Analysis No : 2019 / 21
19 min read

At the end August 2019, news about a statue of Ottoman Armenian Soghomon Tehlirian (who murdered Ottoman-era Minister of Interior and Prime Minister-Grand Vizier Mehmet Talat Pasha) being erected in the town of Maralik in Armenia caused indignation in Turkish media and public opinion.[1] According to the news, as depicted in the statue, Tehlirian strikes a heroic pose wielding a pistol and stepping on the severed head of Talat Pasha. Historically speaking, the Talat Pasha murder committed by Tehlirian was a part of the second wave of terrorism (1921-1927) perpetrated by militant Armenian groups against Turkish targets.[2] Hence, the Talat Pasha murder represents for Turkish society the transformation of anti-Turkish sentiment into violent action.

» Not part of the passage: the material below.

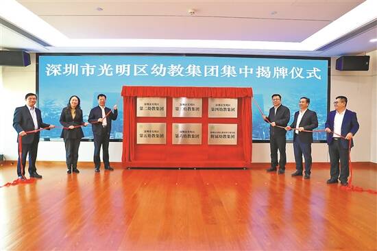 11月29日,深圳市光明区幼教集团集中揭牌仪式在光明区公共服务平台举行。6个幼教集团同时成立,是光明学前教育完成供给侧结构性改革后新一轮变革,标志着光明区的公办幼儿园示范引领机制进入全新发展阶段。 深圳市委教育工委委员、市教育局党组成员、副局长王水发在活动上表示,本次光明区6个幼教集团同时成立并集中揭牌,可以看出光明区委区政府对学前教育的高度重视,充分发挥了先行示范区的带动作用。光明区教育局对集团化办学的整体规划设计,站位深远,引领卓越,不仅出台相关政策指引及时到位,而且在落实发展路径的实践中,勇于探索、与时俱进,以“内外兼修”的建设理念,以“追风逐梦”的姿态,全力打造学前教育的“光明范式”。 据悉,光明区学前教育近两年来奋起直追,成绩卓越,在深圳市教育局牵头组织的有关研讨会上,光明区的学前教育被总结为“三个一”的光明经验。即“一组数据”,全市率先完成国家“5080”任务,公办园占比超过55%,普惠园与公办园占比超过90%;“一套文件”,涵盖民办幼儿园怎么回收、回收标准等方方面面,一把尺子量到底;“一个布局”,在全区六个街道分别布局引进一所市教育局直属优质公办幼儿园,基本在每个社区各建成一所公办园。以优质市属公办园带动新办园,促进优质学前教育资源向全区延伸,实现学前教育优质均衡发展。 而在今年1月第一幼教集团揭牌以来,第一幼教集团围绕“一个集团、两个园所、三个中心”开展工作,在管理文化、课程理念、师风师德建设等方面成绩突出。在一学期的集团化管理探索中,第一幼教集团在文化、课程、管理理念定位上与深圳实验幼儿园保持一致,做到“文化同源,初心同一”,秉承“为孩子种下一生幸福的种子”办园理念,在深圳实验“三人行”幸福课程的基础上,融合光明“科技.生态.幸福”的发展定位,实施“三人行”+生态幸福课程,培养身心健康、情感积极、习惯良好、睿智创新的幸福儿童。核心园与成员园整合资源,通过组建集团名师工作室、定期教研、互访交流活动做到互融共建、互学共长、互助共赢,充分发挥集团化办园的优势。 本次同时成立的6个幼教集团,分别是:光明区第二幼教集团、光明区第三幼教集团、光明区第四幼教集团、光明区第五幼教集团、光明区第六幼教集团和光明区教育科学研究院附属幼教集团。 本次6个幼教集团签约仪式,更是可以依靠集团化办园的优势,带动光明学前教育在全市教育改革大趋势下从“量”向“质”的优势转型,在全面对标“幼有善育”的发展定位中,光明的学前教育始终保持全速冲刺的决心,时刻迎难而上的信心,在区域教育高质量高颜值的发展建设中,跑出“光明速度”。 (于木子 刘雪菲)

Research regarding the said statue reveals that it was not unveiled in recent times, but on 22 April 2015.[3] Armenian-sourced news published during and after the unveiling of the statue indicate that there is a difference between the statue during its first unveiling and its current state. One of the articles[4] indicates that what Tehlerian steps on is not the severed head of Talat Pasha but a piece of stone. However, the sculptor of the statue Samvel Petrosyan stated that he originally designed the statue with Talat Pasha’s severed head, by which he sought to express that no crime will go unpunished. However, according to Petrosyan, upon local officials’ objection on the grounds that “Europe would be disturbed” by this design, he was forced to switch the severed head with a piece of statue. Nevertheless, Petrosyan expressed his wish to have the statue exhibited according to his original design and his wish was apparently accepted by public authorities in 2018.[5] According to a recently published article in an Armenian news outlet, the Tehlerian statue was changed into its original, severed-head version as per the wishes of Petrosyan.[6]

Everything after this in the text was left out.